Atomic design – hierarchy for your components

Atomic design – hierarchy for your components

I'm a big fan of Brad Frost's Atomic design as a powerful tool for shaping a design system and forming a common language when discussing components. However, I find it can also be something that is often misunderstood.

Five stages of Atomic Design displaying in a row. From left, atoms, molecules, organisms, templates and pages.
Five stages of Atomic Design

Atomic design is usually mentioned in the same breathe as component driven development and component libraries to the extent where the distinction between them starts to feel very blurred. Component driven development is the practice of building a page out of modular user-interface blocks  – components – that can be easily reused across different pages.  A component library exists to document these components, usually as one part of an overall design system. Atomic design focuses specifically on how we categorise and group these components.

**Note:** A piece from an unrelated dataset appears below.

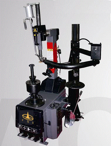 本品为自动后倾式扁平轮胎拆装机,配有自动摆臂式助力装置,配有气动举胎机构,气动锁紧装置。

"Atomic design is a methodology composed of five distinct stages working together to create interface design systems in a more deliberate and hierarchical manner."

Brad Frost (The atomic design methodology)

Atomic design provides a hierarchical way of describing UI components. The hierarchy is made up of five stages – atoms, molecules, organisms, templates and pages. This hierarchy often feels like it gets overlooked or oversimplifed by teams using atomic design but having different stages each with a distinct purpose whilst being interconnected is crucial to atomic design – without it you've just got components.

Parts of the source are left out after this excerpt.